Thursday, April 6, 2017

Slater Traps

I want to get back into growing most of our vegies again but am having trouble with too many slaters again.  Every now and then I notice that they have built up in numbers again, seedlings disappear, tomatoes get eaten,
This year we planted a whole pile of assorted seedlings.  Twice.  Both times I have gone out the next day to water and they have all been gone.  Eaten by bleedin" slaters.  We get slaters here.  Lots of slaters.  Some people say that they are not a problem, they only eat rubbish stuff, they help clean up the gardens.  I say no, they are horrible little critters that eat any newly planted plant.  They can eat out the inside of a rockmelon from the bottom up and you wont know until you go to pick the rockmelon.  They eat potatoes.  Tomatoes.  Chockoes...

They hide under mulch and sneak out in the dark and gobble up anything green.  So I have removed most of the mulchy stuff and because they seem to  love Choko leaves that is what I am using for traps.  I pick a dozen or so leaves and put them around the gardens.  Overnight the slaters go to the leaves and start munching away. 



The next morning I come out early and lift the leaf and give the slaters a blast of flame from the gas gun.  I hope it is quick, I try for it to be because even though I don't like them eating all our food I do want them killed in a humane-ish way.  So quick is the aim.






This is one job that I get slack on though.  If I come out and there is only 1 leaf of the 2 in the trap left then I know numbers are dwindling.  But I also know that I need to keep up checking, laying down leaves and blasting any slaters under them. 

Without using poisons how do you rid your food garden of these pests?





Sunday, April 2, 2017

Plus 1

Add 1 more chicken to the list. 

We had a chook sitting, on lots of eggs as, I think, other chooks would keep laying in her hidden nest.  At one stage there were around 14 so we locked the other chooks out of this pen and let this chook sit.  We waited.  And waited.  But nothing.  I decided that after so long, way longer than 3 weeks, that the eggs were not fertile and that I would remove them and lock this clucky up to de-cluckify her.
But there were no longer 14 eggs, only a few...I removed them anyway when this chook was off getting food.   I intended to catch her and lock her up in a small cage for a few days.  But *forgot*   Husband and I went to Tasmania for 3 weeks.  This chook was sitting on eggs again as some of our chooks jump the 6 foot high fence to get into this pen.  Daughter found her and named her Mango, as she was in the yard with mango trees.  We were away for 22 days.   Came back and she was still sitting on eggs and this time I was sure going to remove her eggs and lock her away.  But I promptly forgot about her again.  A few days ago I saw her out getting food and she had 1 little chicken with her.  I looked in her nest and there were 4 cold eggs in there.

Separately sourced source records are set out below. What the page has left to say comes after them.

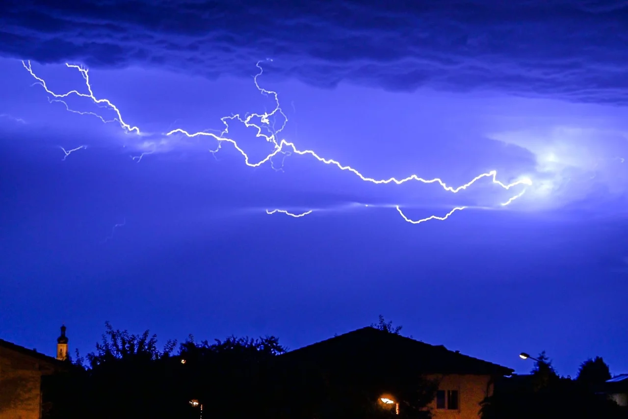 • Himmelsexplosion: Wenn feuchtwarme und kalte Luftströme aufeinander treffen, baut sich am Himmel eine statische Spannung auf, die sich in einem Blitz entlädt. Darin kann die Temperatur 30.000 Grad Celsius erreichen. In Bruchteilen von Sekunden glüht die erhitzte Luft und leuchtet kilometerweit. Durch die starke Erhitzung dehnt sich die Luft explosionsartig aus, was als Donner zu hören ist. Während eines starken Unwetters zucken bis zu 2000 Blitze pro Stunde über den Himmel. Die meisten davon erreichen den Erdboden nicht, sondern rasen kreuz und quer durch die Wolkenschichten.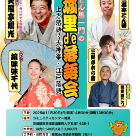 【日時】 11月30日(日) 13:30開場、14:30開演 【場所】コミュニティセンター城里 【木戸銭】前売り2,500円、当日3,000円 【詳細…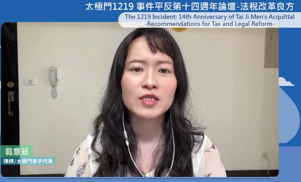 翁意茹表示,太極門是承傳道家心源的氣功武術修行門派,自古以來皆以師徒代代相傳,發揚太極門文化,致力於弘揚中華武學精神。民國85年無端受到政府宗教掃黑牽連,當時侯寬仁檢察官僅憑不實檢舉,即濫權違法搜索太極門道館,並製造假證人、假證據,羅織詐欺及逃漏稅捐的罪名,提起公訴,甚至還把案件移送國稅局違法課稅;國稅局也違反正當法律程序及行政程序正義,不僅未依職權調查、未待刑案判決確定所得性質,甚至隱匿證物,亦未給當事人陳述的機會,僅憑檢察官所捏造之不實的起訴書內容,就針對80-85年6個年度發單課稅並重罰,導致了這一場長達25年、受害人數眾多的嚴重文化摧殘,以及迫害宗教信仰自由之人權悲劇。 翁意茹表示,歷時25年的太極門事件,三審判決確定無詐欺、無漏稅、無違反稅捐稽徵法,也認定了弟子敬呈給師父的敬師禮屬贈與的性質,依法是免稅的所得,弟子之間的代辦行為也不是營利販售,和師父師母沒有任何的關係。翁意茹指出,真相早已大白,法理情均明。政府唯有坦誠面對錯誤及勇敢除錯,撤銷違法稅單,返還違法拍賣之太極門修行道場預定地,平反冤案,落實轉型正義,才能讓失序的公權力回歸正軌,重建司法威信,恢復人民對政府的信任。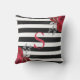 Coussin Monogramme floral argenté rouge Blancs noirs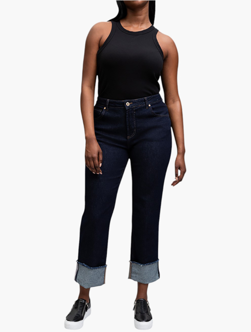 Woolworths Indigo Mid Rise Turn up Boyfriend Jeans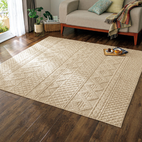 丸洗いできて、いつでも清潔。ぬくもりあるニット編み風デザインのウール混ラグ。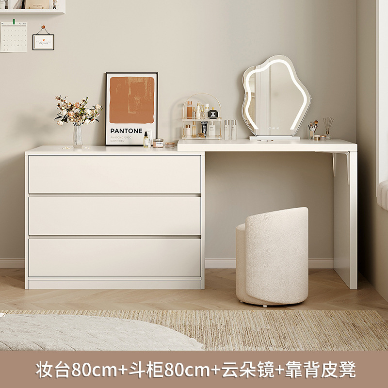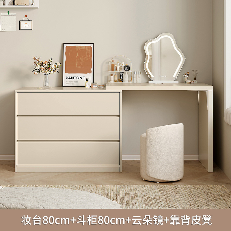 • + 크로스보더 + [구름거울 + 가죽스툴 조합] 80cm 테이블 + 80cm 3단 서랍장 크림스타일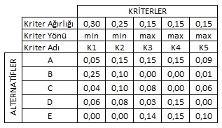 değerler içinden en büyük değer tercih edileceğinden kriterin yönü de (max) biçiminde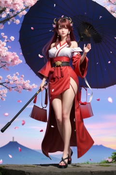 ((HRD, HUD, 8K)),((masterpiece, best quality)), highly detailed,1girl, yae miko, umbrella, long hair, solo, breasts, pink hair, low-tied long hair, petals, japanese clothes, full body, hair ornament, detached sleeves, oil-paper umbrella, bare legs, holding, purple eyes, holding umbrella, sandals, wide sleeves, looking at viewer, jewelry, large breasts, very long hair, torii, animal ears, bangs, fox ears, nontraditional miko, legs, cherry blossoms, earrings, standing, falling petals, bare shoulders, <lora:20240315-1710510343817:0.8>

We caught her and she was so light...I am a really bad chook person to let her sit for so long.  But she is now safe, in the covered chicken pen with the other mumma chooks and their chickens.  

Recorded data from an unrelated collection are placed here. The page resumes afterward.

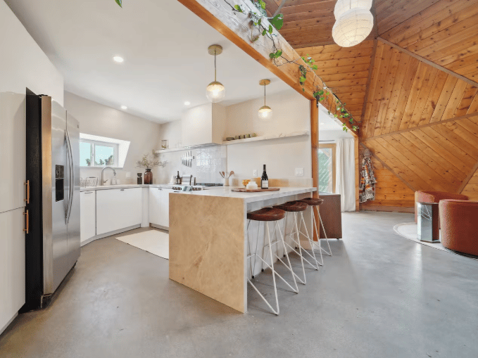 Set on two and a half private acres, this remodeled geodesic dome draws travelers seeking something out of the ordinary near Joshua Tree National Monument. Mountain views, a hot tub, and fenced grounds add to its sense of seclusion, supporting estimated yearly revenue of about $66,000.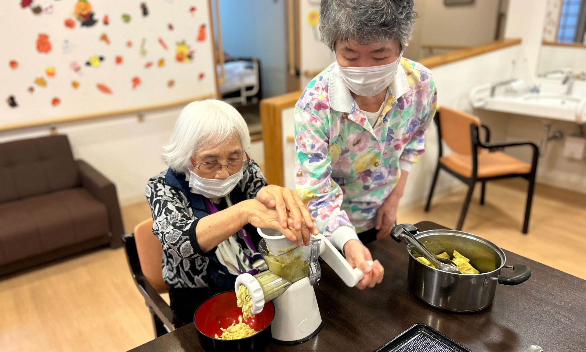 茹でたお芋を挽いてね、裏ごしより楽にできますよ
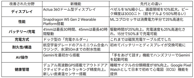 お値段据え置きながら、いろいろ改善されたり機能が追加されたりしています。Pixel Watch 4の主な特徴を表にまとめました。

I am so glad that she ended up with a baby after sitting for so long but I really need to check hidden nests and under bushes and trees as most of these chickens have come from hidden away nests that we knew nothing of until we saw the chickens out with their mum.

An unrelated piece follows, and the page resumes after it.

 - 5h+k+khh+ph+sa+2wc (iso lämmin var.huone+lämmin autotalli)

I wonder why the amount of eggs drops off, I look around the pens, under bushes, under trees, in the long grass...but I find nothing.  This morning husband has a look and finds 2 hidden nests.  Eighteen eggs.  That could have been fertile as the rooster is with these chooks...We need NO more chickens though so I removed the eggs and will feed some to the dogs and the rest back to the chooks.  And I have whippersnippered the area so there is less places for the chooks to nest.  A bit more to go but that is the Boysenberry area and the runners are everywhere so if I go in chopping it all to bits then it will spread even further into places we don't want it.  HoHum...A big job for later when it cools down a bit.